Katy has 20 years of regulatory and quality experience in the US market, is highly experienced in managing business-critical projects with proven first cycle application approvals and possesses a well-rounded perspective of the global drug development market having worked in all therapeutic areas and dosage forms.
A specialist in Regulatory Affairs strategy, and project pipeline and portfolio development and implementation of process flow standardization and efficiencies, Katy has experience with integration activities and special business partnerships.
She has a Masters in RA/QA from Temple University, Philadelphia, PA, and is currently one of an elite cohort of students accepted into the regulatory doctorate program at the University of Southern California, Los Angeles.

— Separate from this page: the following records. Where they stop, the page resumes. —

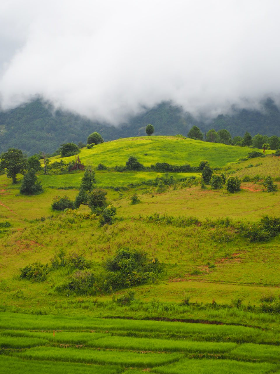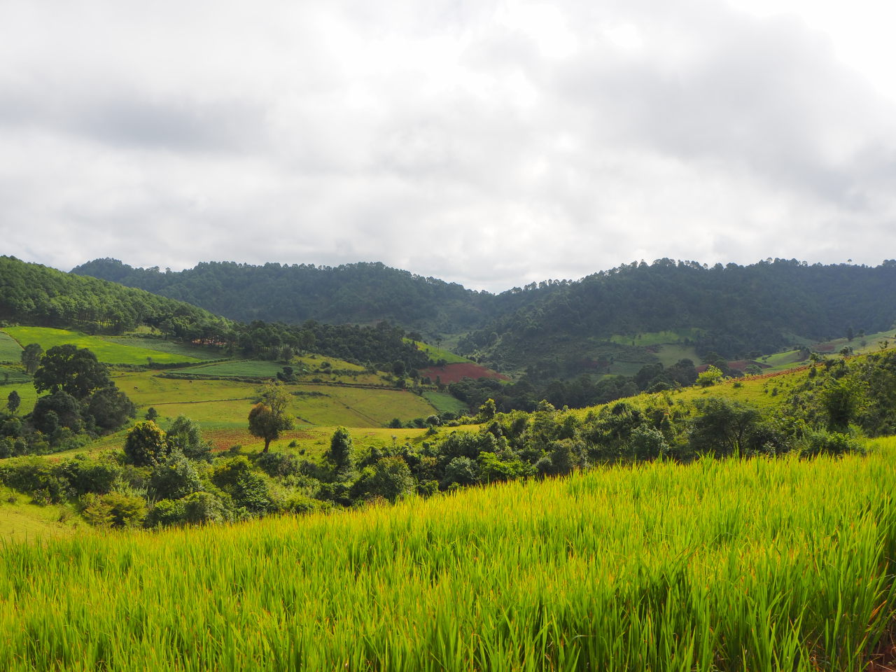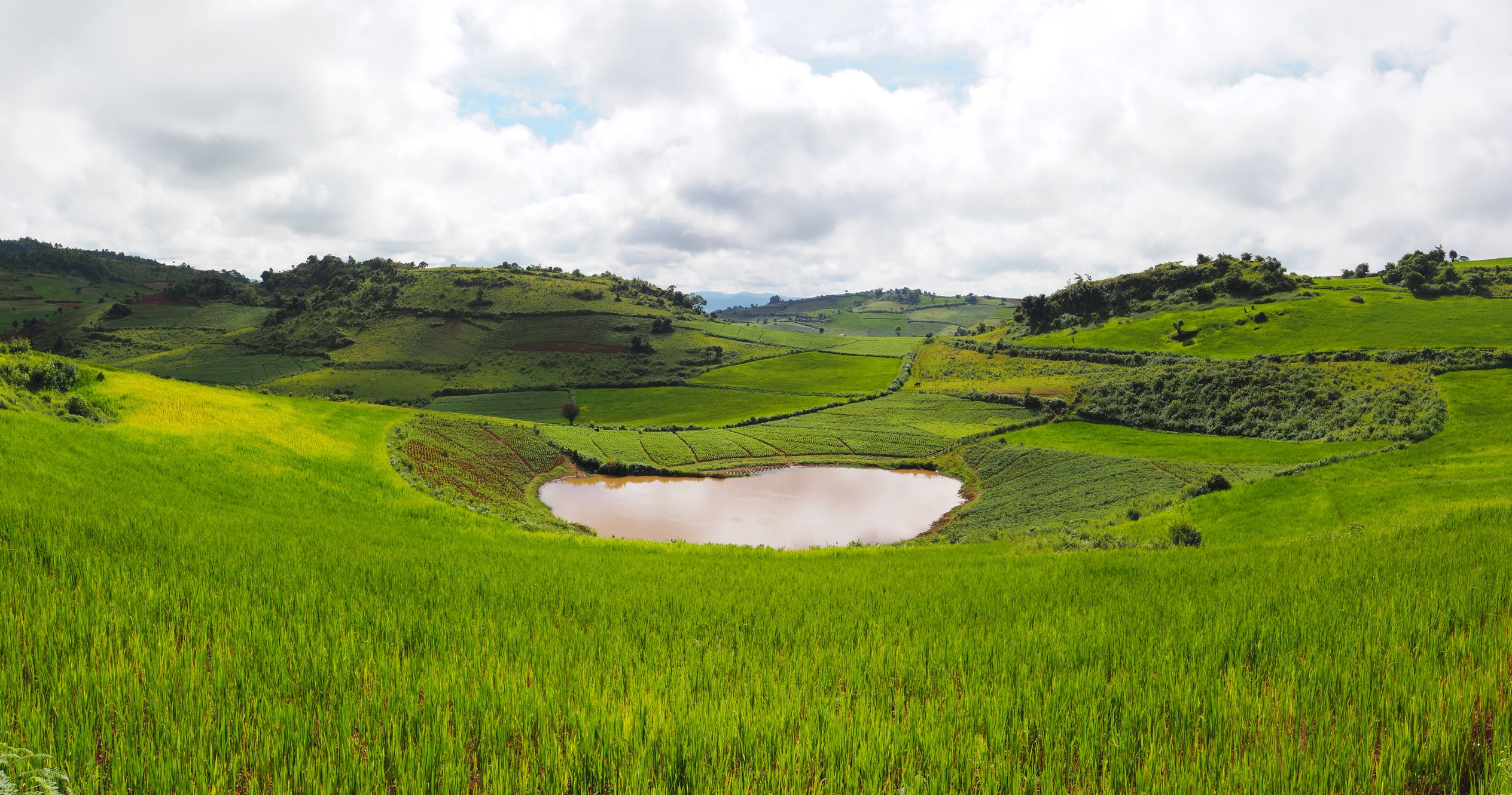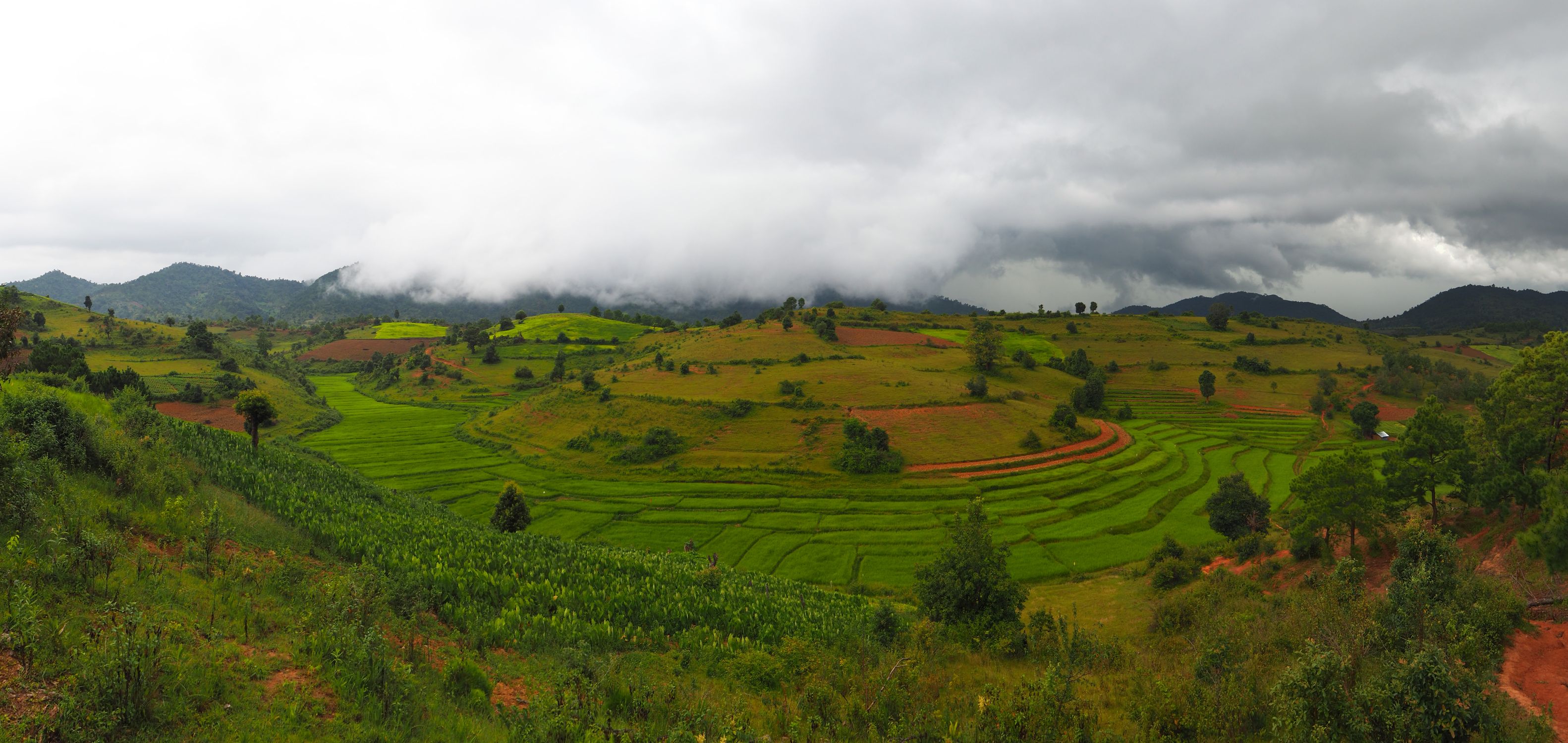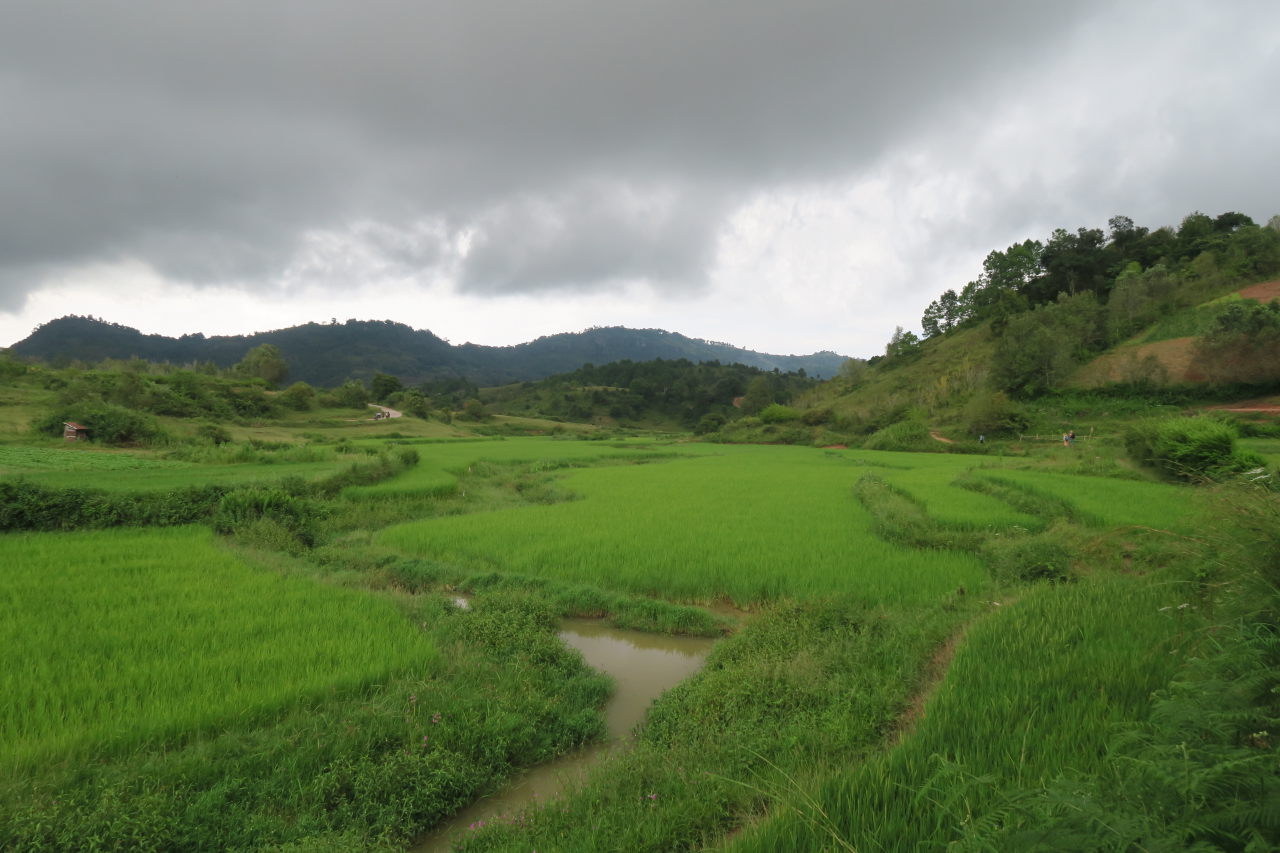 Rizières et ciel menaçant
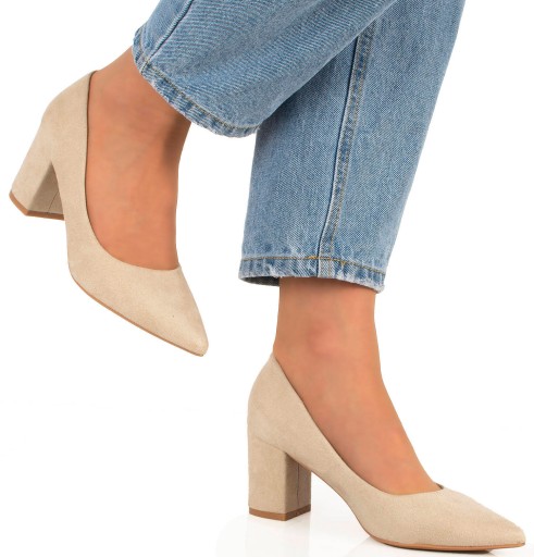 CZÓŁENKA NA GRUBYM SŁUPKU BEŻOWE W SZPIC KLASYCZNE SZPLIKI 40
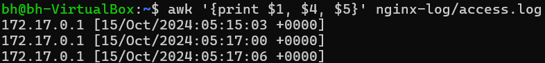 awk '{print $1, $4, $5}' nginx-log/access.log
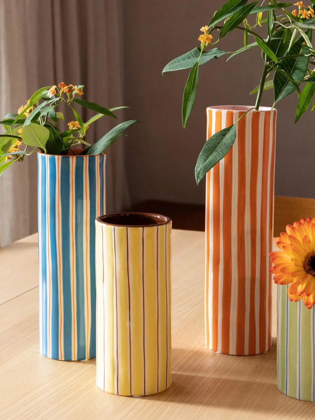 Este jarrón Ray forma parte de la conocida serie de jarrones Ray. Tiene un diseño a rayas pintado a mano y una forma irregular que le da un aspecto único. Combínalo con la maceta Ray para conseguir un elegante conjunto.
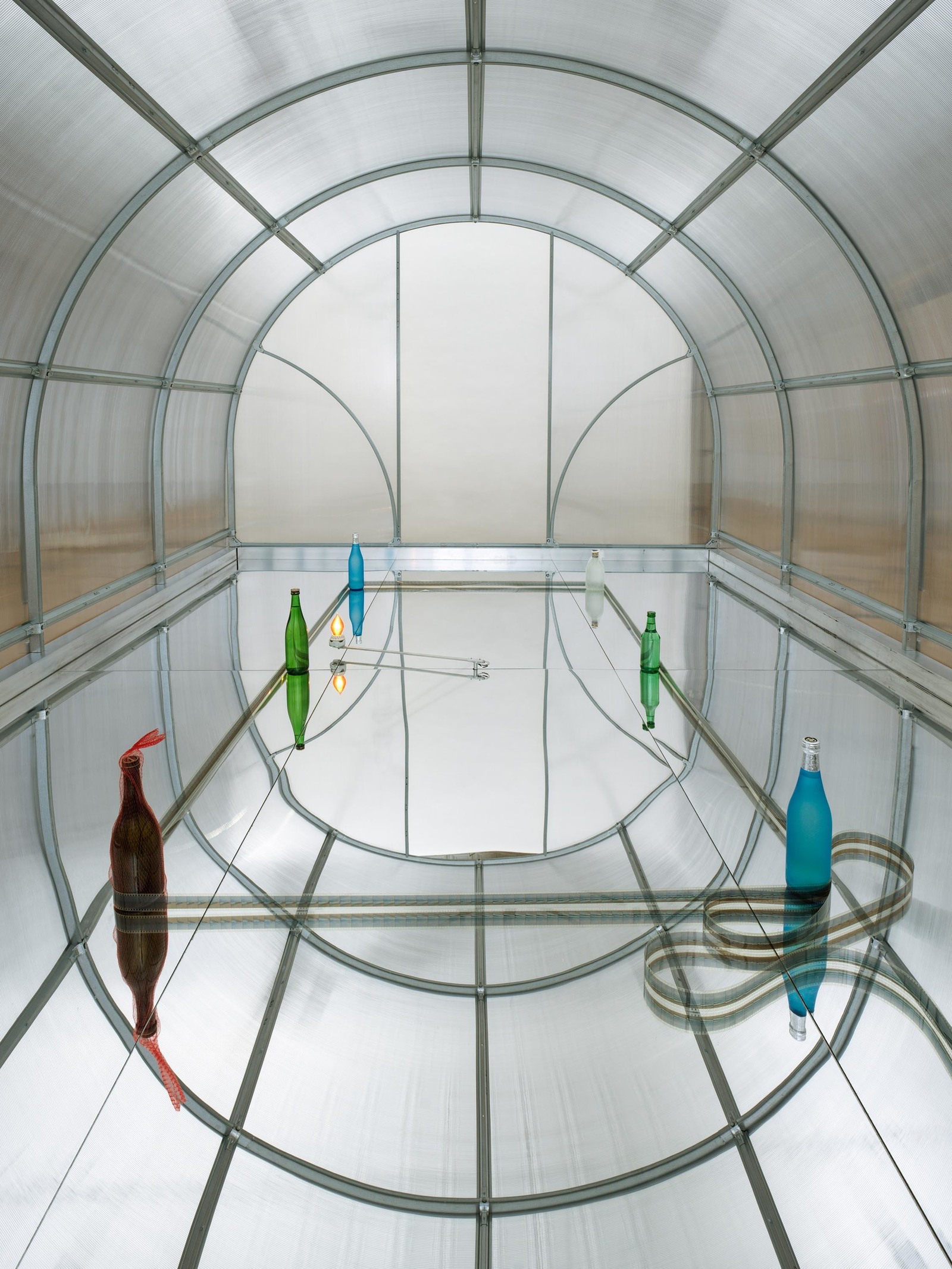 Receiver Transmitter (49 Echoes II), 2025, galvanized steel, polycarbonate, steel joists, aluminum tubing, plywood, hardware, stepper motor, controllers, battery, aluminum, stainless steel, mirrored plexiglass, ceramic fixture, light bulb, 35mm film, chiffon, metallic twist ties, nylon, and seven spirits. Photo: Kerry McFate and Chase Barnes
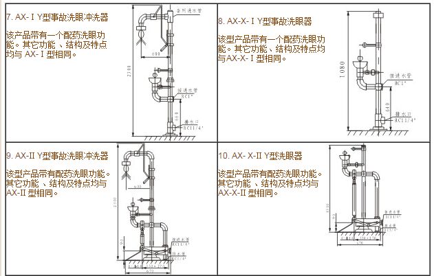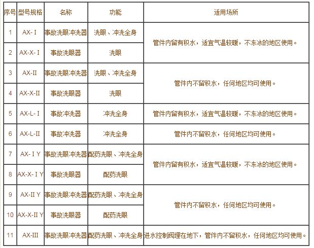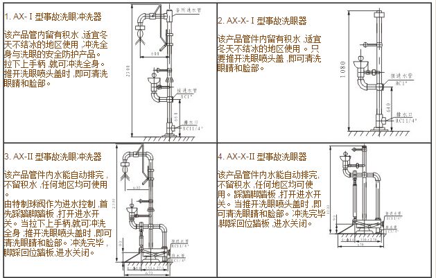 AX型系列安全事故洗眼沖洗器產品名稱及型號規格表
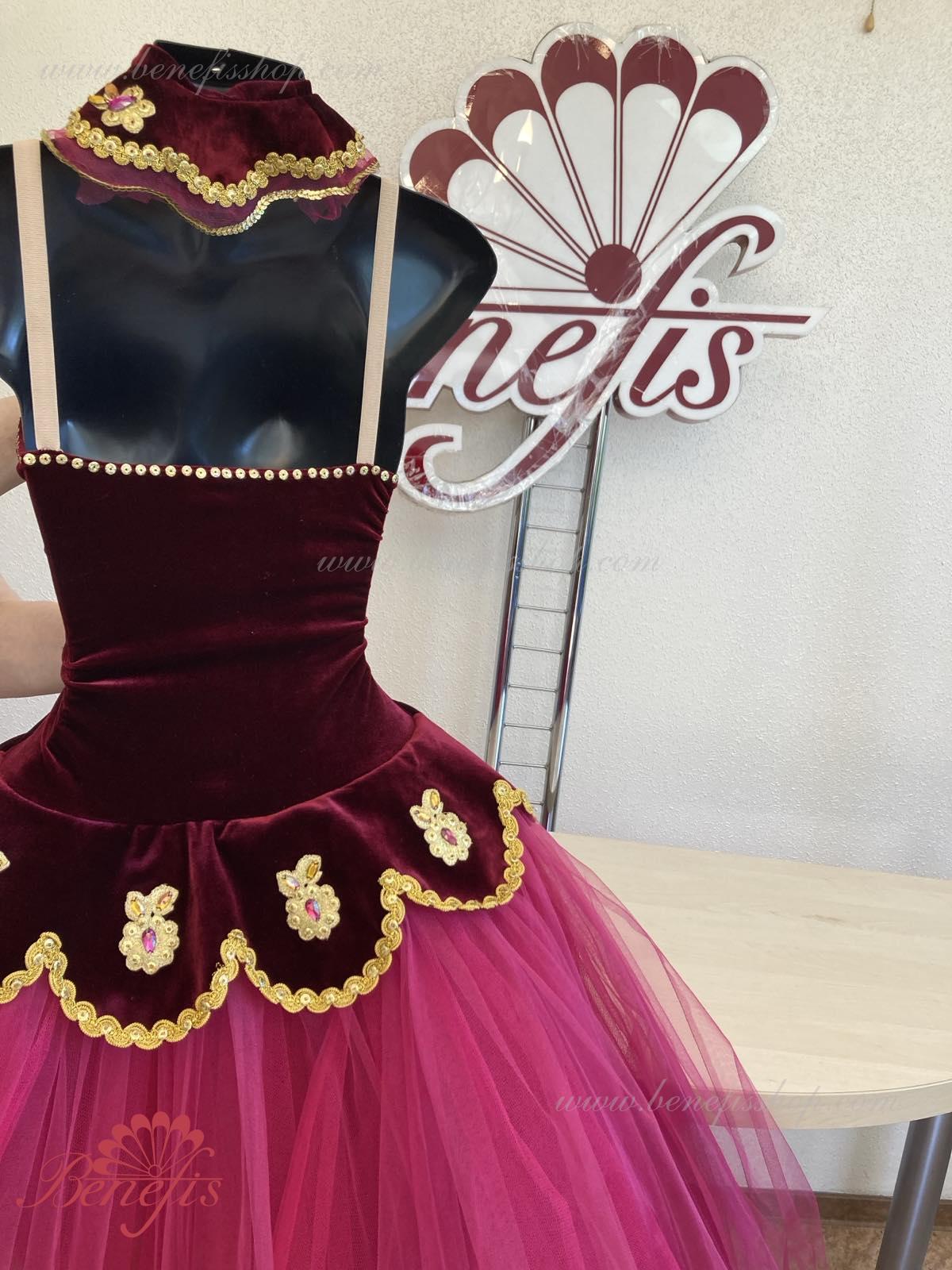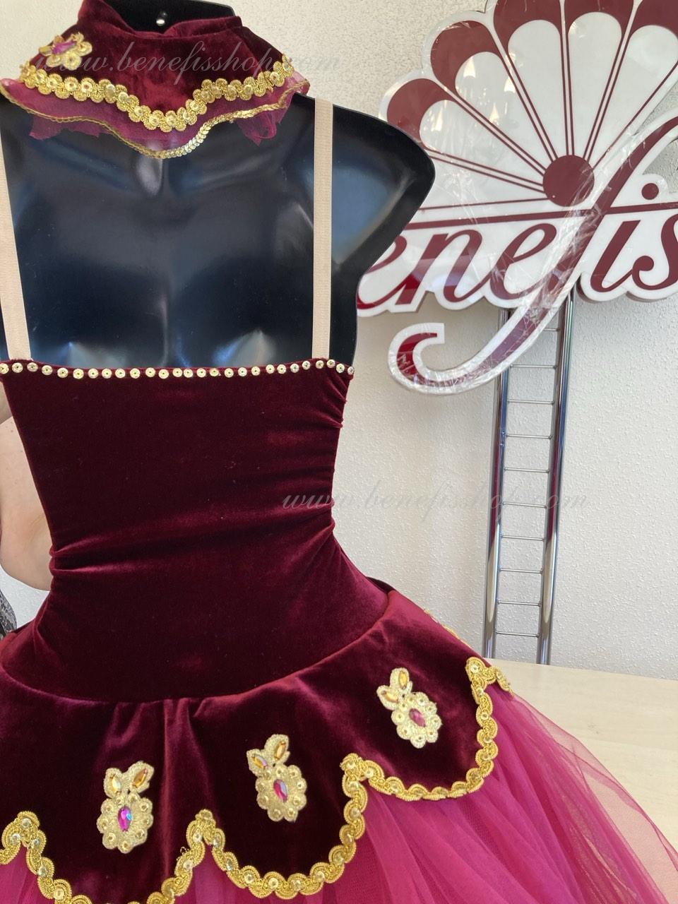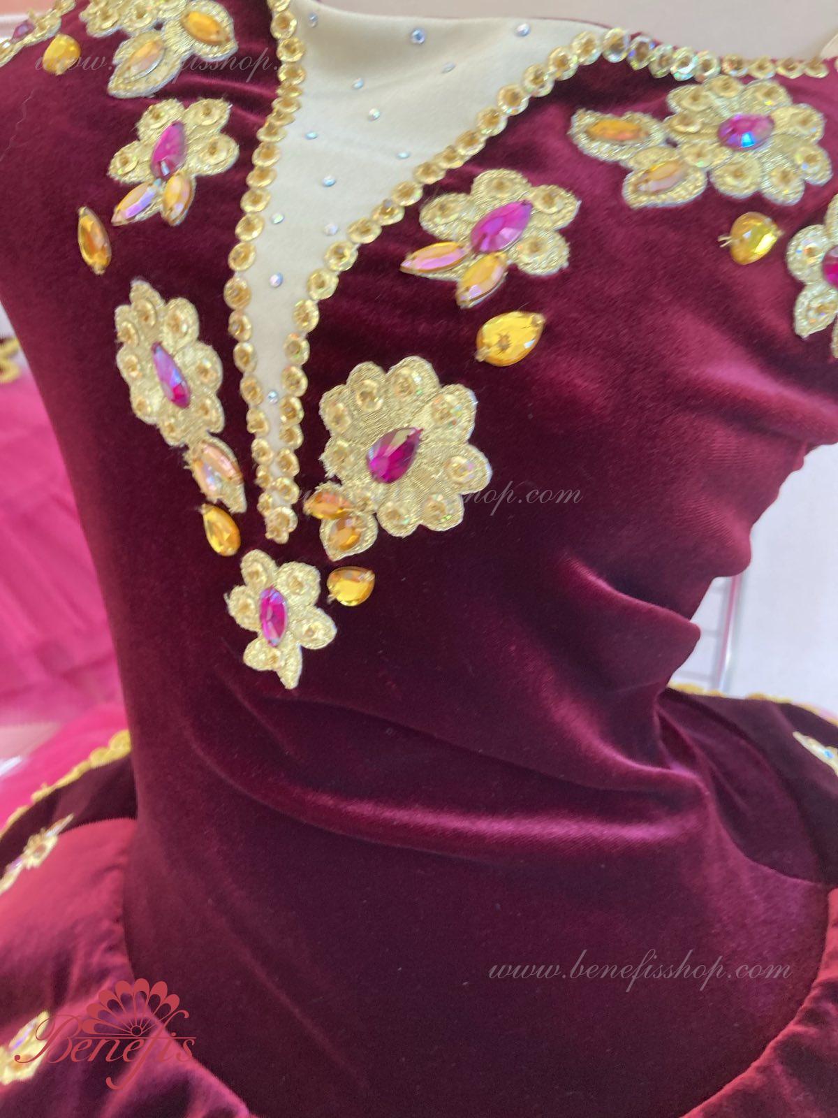 Details: costume, arm ruffles. It is a professional stage costume, which is made on the basis of the professional basic romantic tutu #T0008 (see section “Basic tutus”) and is made of tulle of 4 layers. The bodice is made of the elastic velvet leotard on elastic flesh-colored straps and is decorated with exquisite applications.
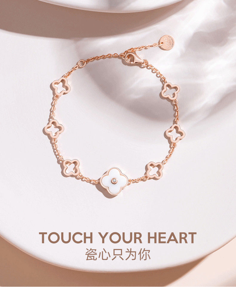 VANAセラミック四つ葉クローバーブレスレット純銀高級感ファッション誕生日プレゼント

Before joining Boyds, Katy was Director, Regulatory Affairs at Lupin Pharmaceuticals, Inc., with responsibility for circa 400 products at various stages (mainly ANDAs with several BLA/NDAs), the company’s early-stage regulatory strategy, and for coordination with R&D assuring acceptable filing of original applications. She also led Lupin’s liaison with the FDA, internal and external due diligence, and risk/benefit assessment strategies. She has also previously led a successful regulatory operations team for dossier publishing.
Formerly, Katy has held senior RA roles including as Manager, Regulatory Affairs Pre-Approval Group Leader at Lannett Company, Inc.; Regulatory Affairs Associate II for Teva Pharmaceuticals USA; and Quality Control Laboratory Supervisor in the R&D department of Mars Fishcare North America, Inc.
As Boyds’ VP and Head of US Regulatory Affairs, Katy effectively utilizes her knowledge of the global pharmaceutical industry to support our US-based clients and facilitate our many interactions with the FDA.